Investment made by UBA in its African subsidiaries is paying off as growth and profits from ex-Nigerian operations rapidly gain momentum.

The African subsidiaries of Nigeria-based United Bank for Africa Plc (UBA) have buoyed the bank’s earnings and financial status for the financial year ended 31 December 2016.

Analysis of the lender’s 2016 annual report and accounts shows that the subsidiaries, located outside Nigeria, in 18 countries across the continent, accounted for 34 per cent of UBAs profit for the year.

The subsidiaries’ contribution to revenue, pre-tax profit, and total assets for the year was 32 per cent, 35 per cent, and 33 per cent, as they continue to justify UBA’s conviction that it will unlock latent value for shareholders with its venture into the continent.

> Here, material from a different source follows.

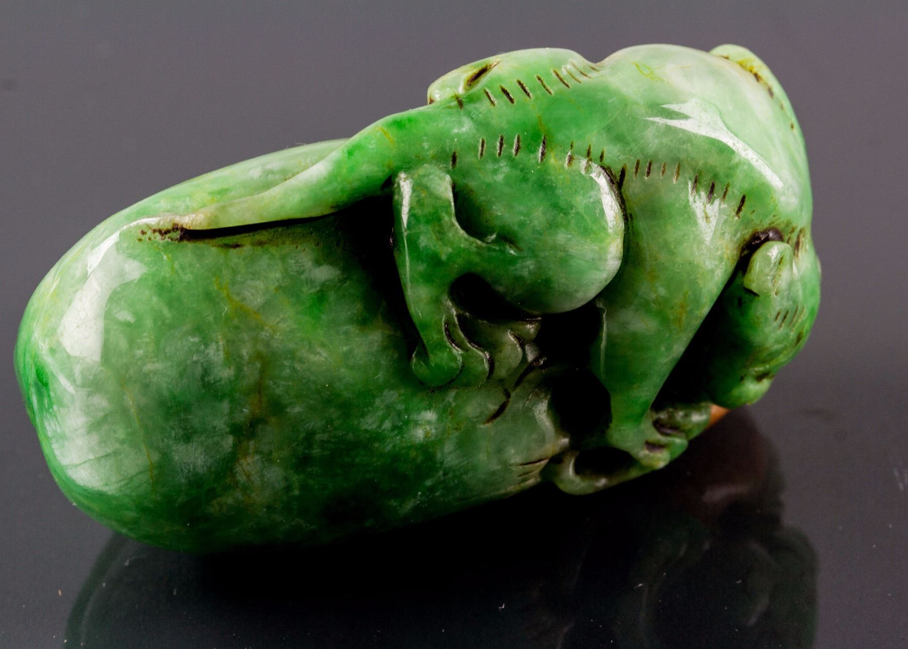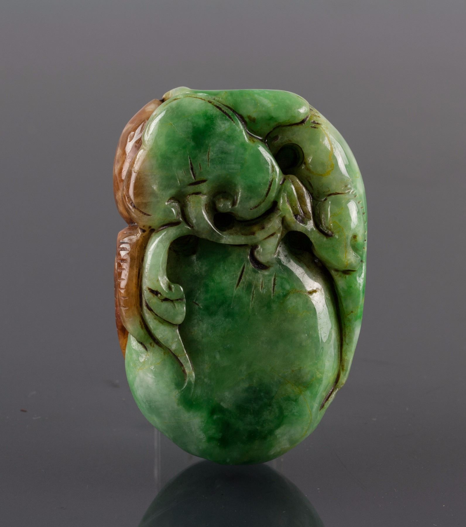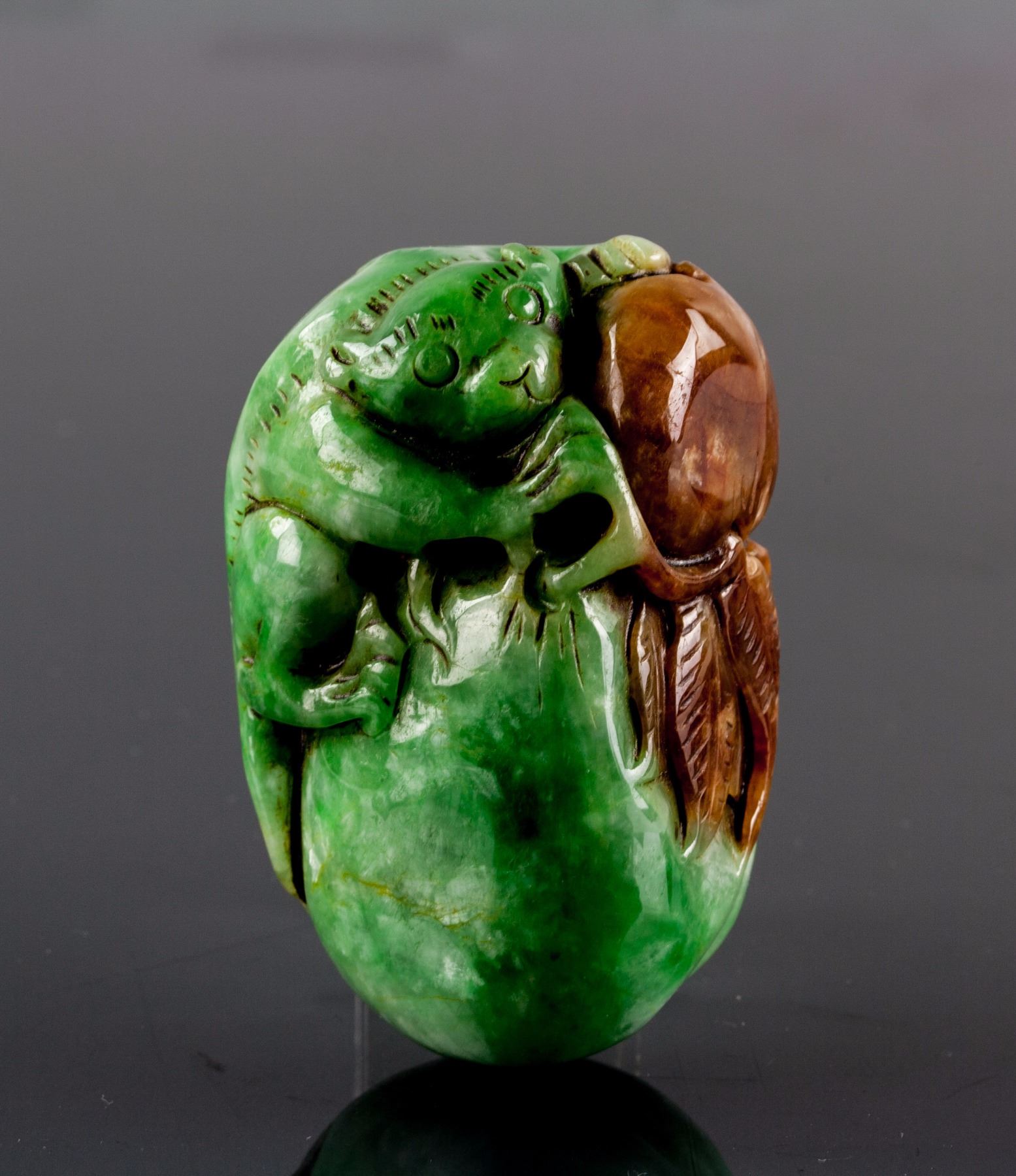 Burma russet and green jadeite carved toggle; carved in a small panda holding a melon; of green tone with russet skin; pierced for suspension; 7.5 cm x 5 cm, 215 grams, Density: 3.25

The contribution of the African subsidiaries to earnings has risen from only seven per cent in 2012, to 34 per cent in 2016.

The impact of the subsidiaries on profit before tax jumped from 10 per cent in 2012 to 20 per cent in 2013, and 35 per cent in 2016 as their total assets rose to over N1 trillion as at year end.

In addition, interest income from the bank’s African subsidiaries which stood at N125 billion in 2012, rose to N171 billion in 2016, comprising 34 per cent of total interest income.

Tony O. Elumelu, Chairman of the Board of the bank, said that UBA’s commitment to African growth has been pervasive, impacting various sectors.

“Across Africa, the bank has won and executed important mandates, which demonstrate our ability and commitment to finance growth across our continent,” Elumelu said in his address to the bank’s shareholders on the performance for the 2016 financial year.

Data from Bloomberg, the New York-based software, data, and Media Company, shows that as at Wednesday, 17 May 2017, UBA stock posted a return in excess of 88 per cent for the past one year.

It also outperformed the broad market, gaining 45.78 per cent year to date, compared to a 3.73 per cent gain by the Nigerian Stock Exchange (NSE) all share index for the same period.

UBA was priced at N6.56/ share as at the close of Business yesterday and is the second best performing bank stock this year.

In a period when the local currency, the naira had weakened considerably against other currencies, the bank’s performance was boosted by foreign currency translation of the transactions from the various subsidiaries.

The bank’s 2016 audited annual report and accounts said, “Partly driven by the weakness of Nigerian Naira relative to other African currencies, the African subsidiaries ex- Nigeria (UBA Africa) doubled interest income and grew non-interest income by 17%.

“Overall, UBA Africa grew gross earnings by 69%, contributing 30% of the Group’s top-line, from 21% in 2015 financial year. Interestingly, we had over 50% growth in dividends from subsidiaries, reflecting the stronger performance from the foreign operations and impact of Naira devaluation on FCY dividend income.”

Lagos-based CSL Stockbrokers Limited, said in a recent banking update made available to BusinessDay, that it has a ‘Buy’ rating for UBA.

UBA is presently one of Africa’s leading financial institutions offering universal banking to about 14 million customers across over 1,000 branches as it strives to build a strong domestic and African brand. It is also well established in three global financial centres: New York, London, and Paris.